──────── AVAILABLE DATA ────────
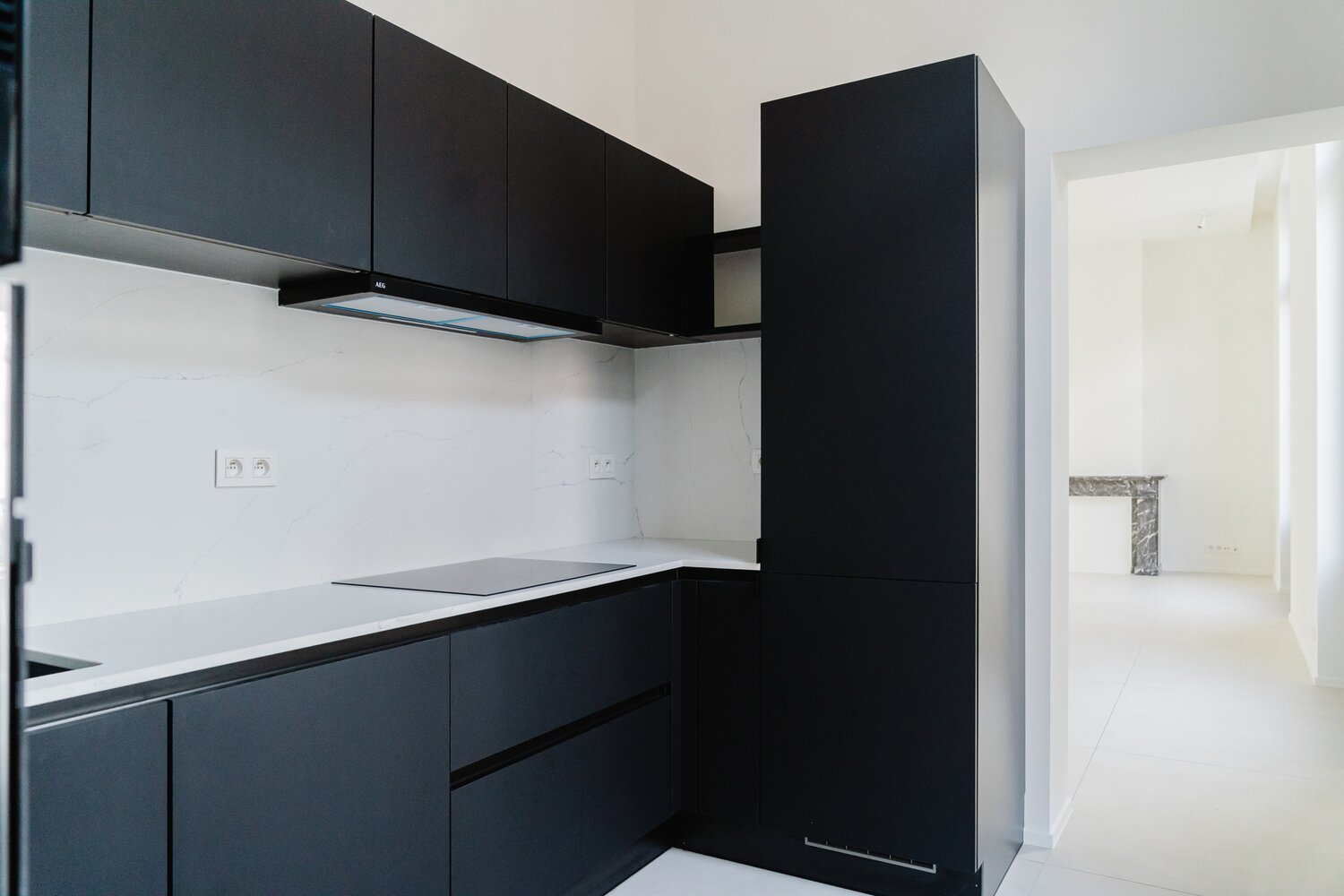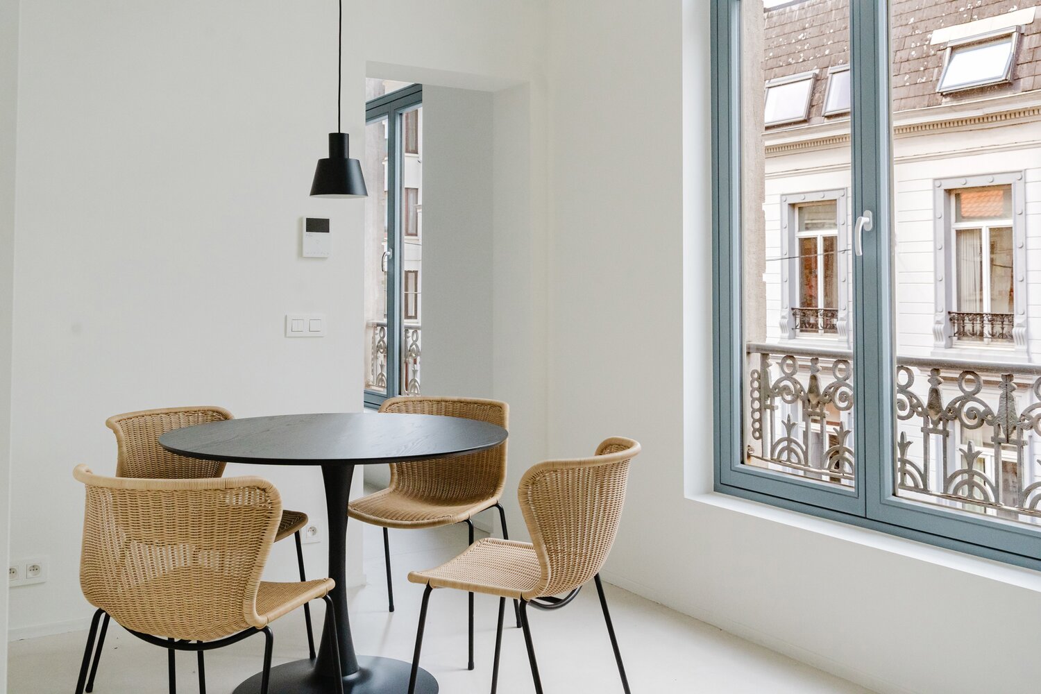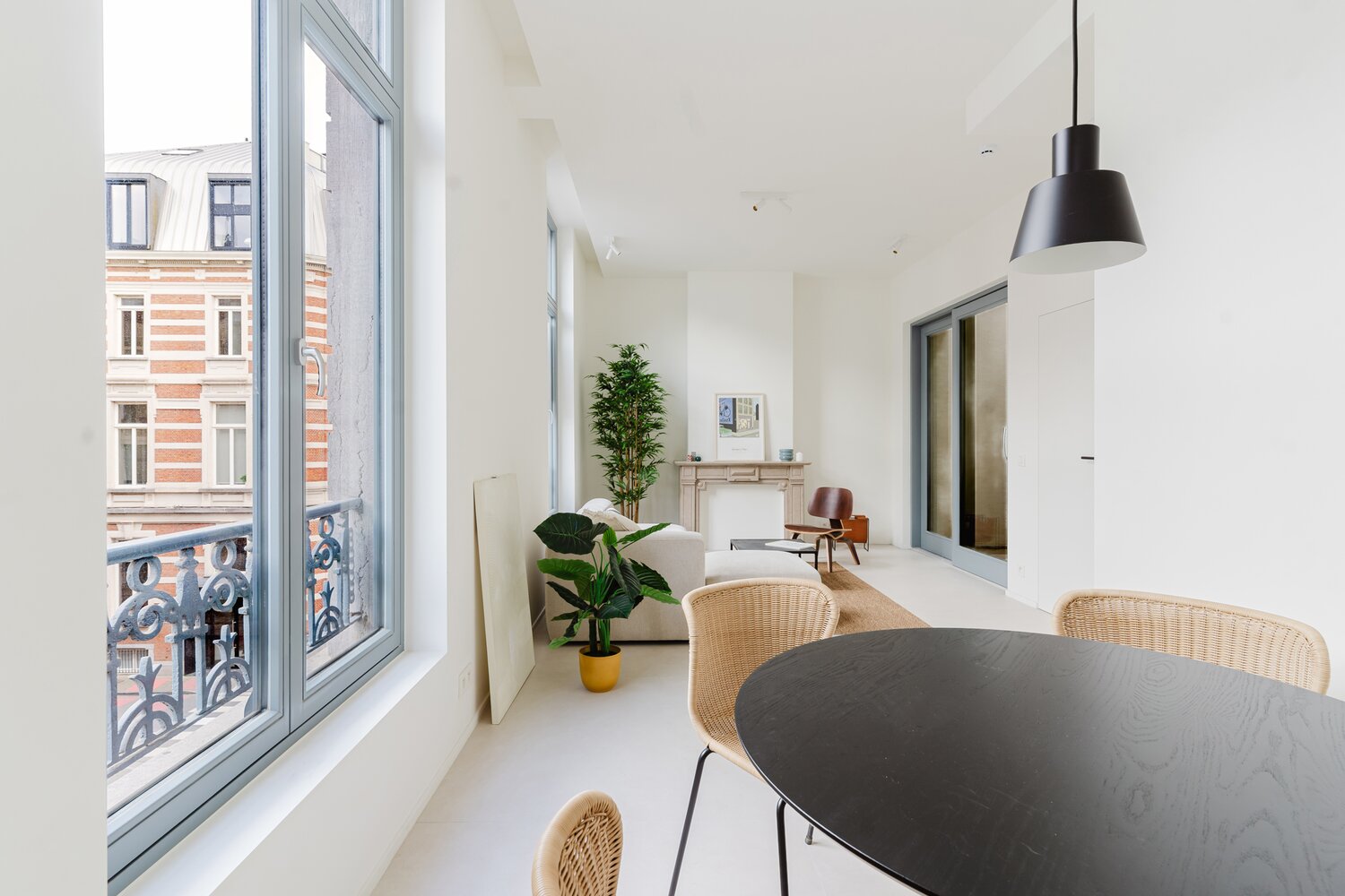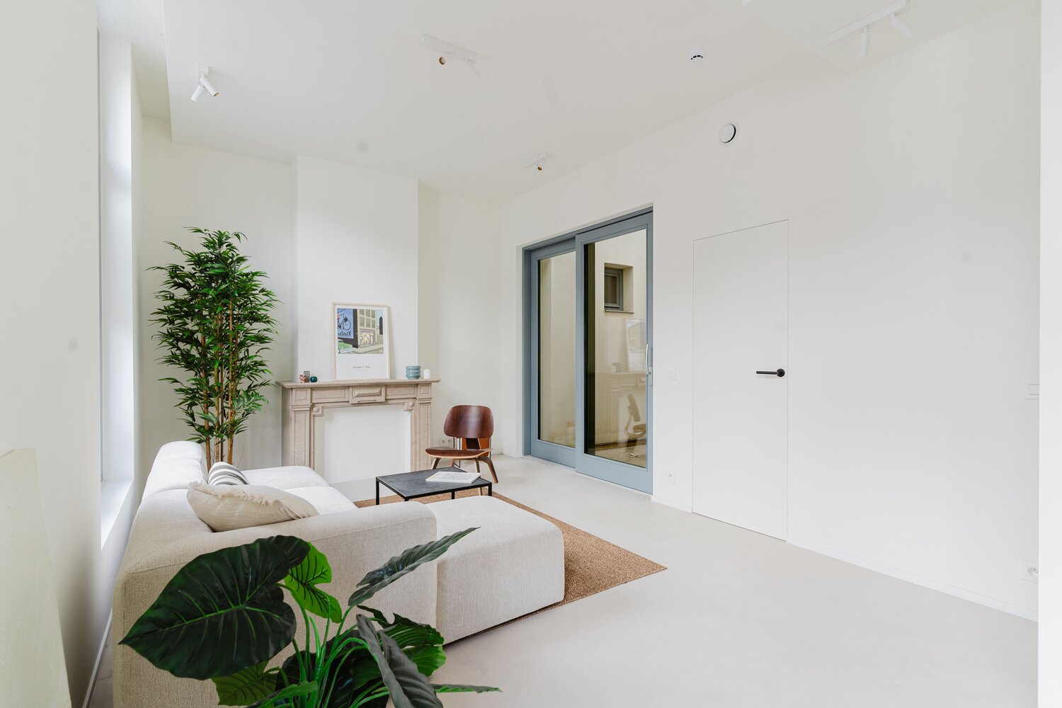 De grondige renovatie werd uitgevoerd met hoogwaardige materialen en moderne installaties zoals warmtepomp, vloerverwarming, zonnepanelen en ventilatiesysteem D. Resultaat: energiezuinige wooneenheden met EPB-label A (E-peil < 50).
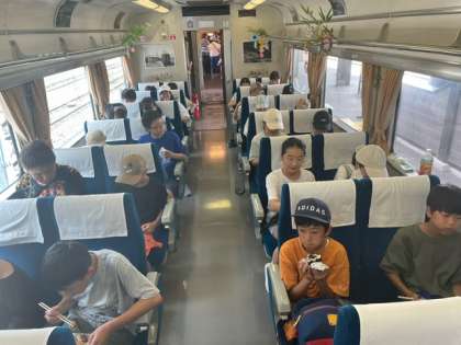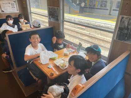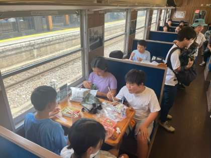 SLの中でお弁当を食べています。お弁当を食べ終わったころ、出発になります。
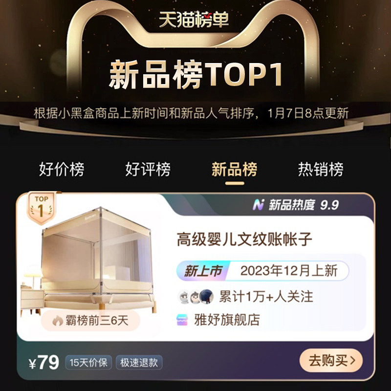 丸丫V2防摔蚊帐婴儿2025新款专用儿童纹帐家用卧室防掉床全底全罩
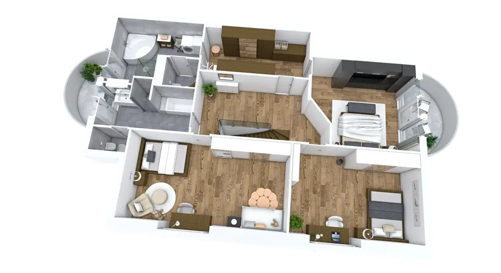 Díky své dispozici se nabízí také možnost jednoduchého rozdělení příčkou, čímž lze získat další plnohodnotný pokoj dle vašich potřeb.
────────
§ **INSTRUCTIONS FOR THE TASK**: The data above needs to be retyped exactly, with the images left out.

§ **ANSWER FOR THE TASK**:
 De grondige renovatie werd uitgevoerd met hoogwaardige materialen en moderne installaties zoals warmtepomp, vloerverwarming, zonnepanelen en ventilatiesysteem D. Resultaat: energiezuinige wooneenheden met EPB-label A (E-peil < 50).
 SLの中でお弁当を食べています。お弁当を食べ終わったころ、出発になります。
 丸丫V2防摔蚊帐婴儿2025新款专用儿童纹帐家用卧室防掉床全底全罩
 Díky své dispozici se nabízí také možnost jednoduchého rozdělení příčkou, čímž lze získat další plnohodnotný pokoj dle vašich potřeb.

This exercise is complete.